EconomicReview – Pemberlakuan PPKM sangat berdampak pada kunjungan masyarakat ke pusat perbelanjaan karena selain pembatasan jam buka dan tutup, ada pula pembatasan mobilitas masyarakat dalam beraktifitas.
Ketua Umum Asosiasi Pengelola Pusat Belanja Indonesia (APPBI) Alphonzus Widjaja menyatakan, pusat perbelanjaan berpotensi kehilangan pendapatan hingga Rp5 triliun per bulan selama pembatasan mobilitas di masa PPKM.
“Selama ditutup sementara, maka pusat perbelanjaan (anggota APPBI di seluruh Indonesia) berpotensi kehilangan pendapatan sekitar Rp5 triliun setiap bulan. Dan nilai tersebut adalah nilai pendapatan bukan nilai penjualan,” ujar Alphonzus.

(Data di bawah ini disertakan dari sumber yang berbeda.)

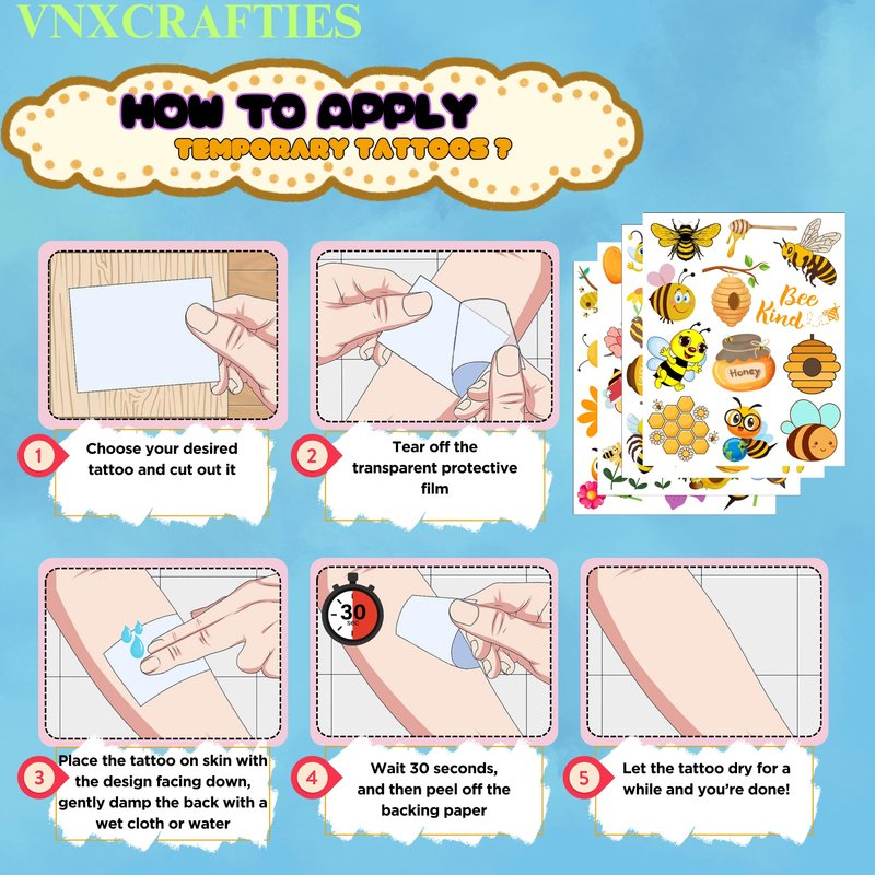 Brand: VNXCRAFTIES. Product: Temporary Tattoos. Theme: Bee Animal . Birthday Party Decorations, Party Favors.
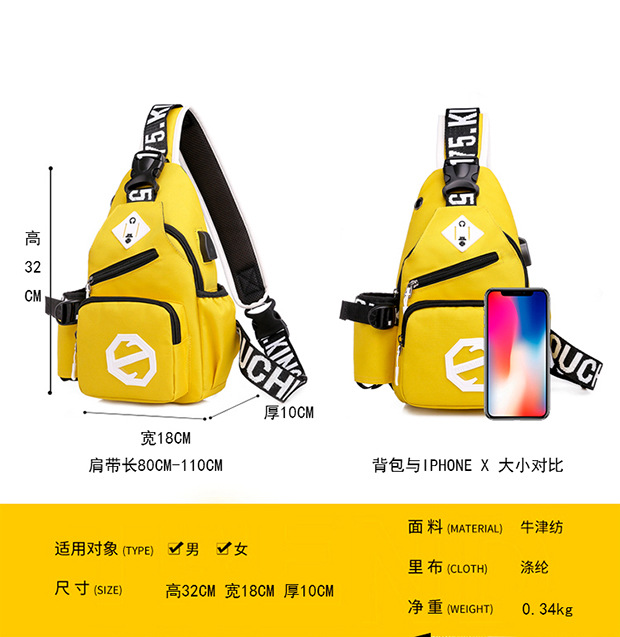 캐주얼 커플 가슴 가방 여성의 패션 캔버스 가슴 가방 한국 스타일 유행 모든 일치 숄더백 남성 스포츠 크로스바디 스몰 백
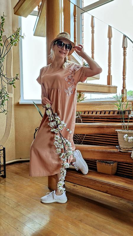 Оригинальное, летнее платье свободного кроя в стиле бохо. Производство Индия. Украшено вышивкой. Карманы в рельефных швах.
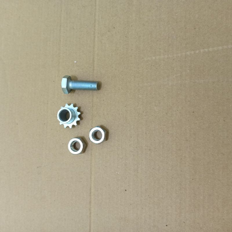 + Ốc hàn vào máy và thả nhông vào sau đó khóa 2 ê cu vào là xong )
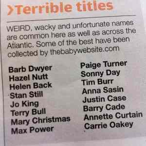 U nas mame taky luxusni jmena, jednou o tom byl clanek v Magazinu DNES. Doted si jich par pamatuju - takovej Winnetou Milenko jeste celkem jde, ale Narcis Samec uz je trosku moc A to nemluvim o jmene Blanka - ve spojeni s prijmenima Panenska a Pretrhnuta |
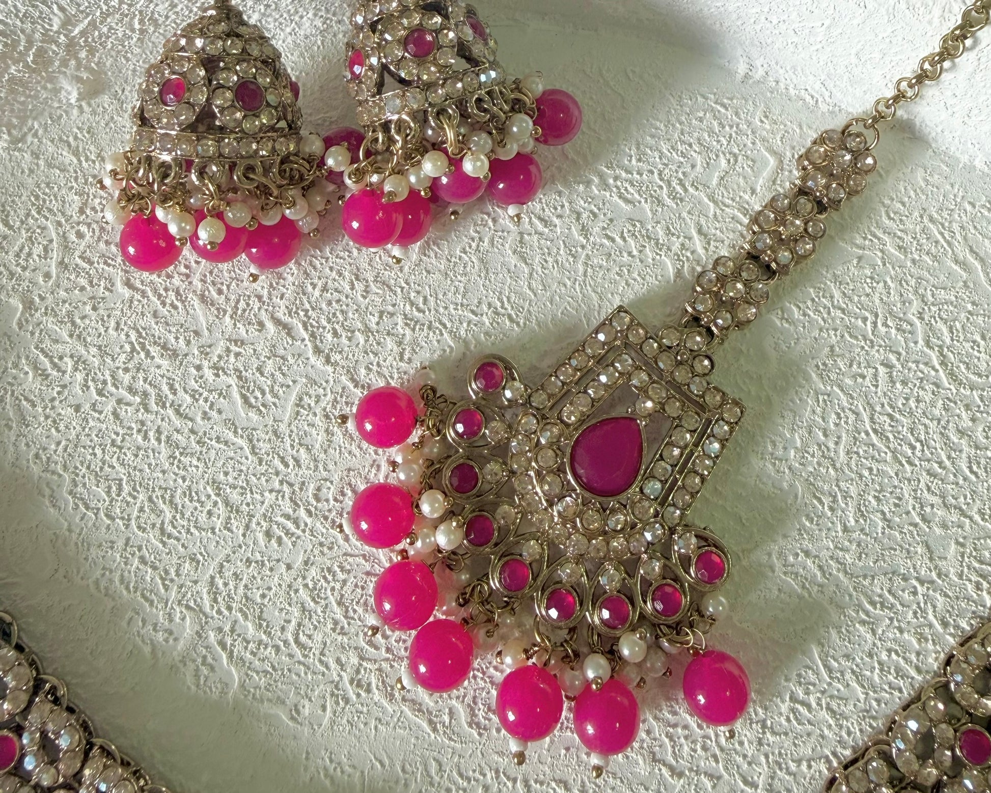 The matching jhumka-style earrings and coordinating maang tikka complete the set, making it a striking choice for weddings, festive celebrations, and special occasions.

“Tingkat kunjungan ke Pusat Perbelanjaan meningkat semenjak ada banyak kelonggaran meski secara bertahap sejak diberlakukan pelonggaran, namun memang peningkatannya masih cenderung lambat”.
Alphonzus bersama pelaku ritel telah melihat potensi saat ini sudah terjadi peningkatan pengunjung ke pusat perbelanjaan di Jakarta setelah diizinkan beroperasi kembali pada pertengahan Agustus 2021.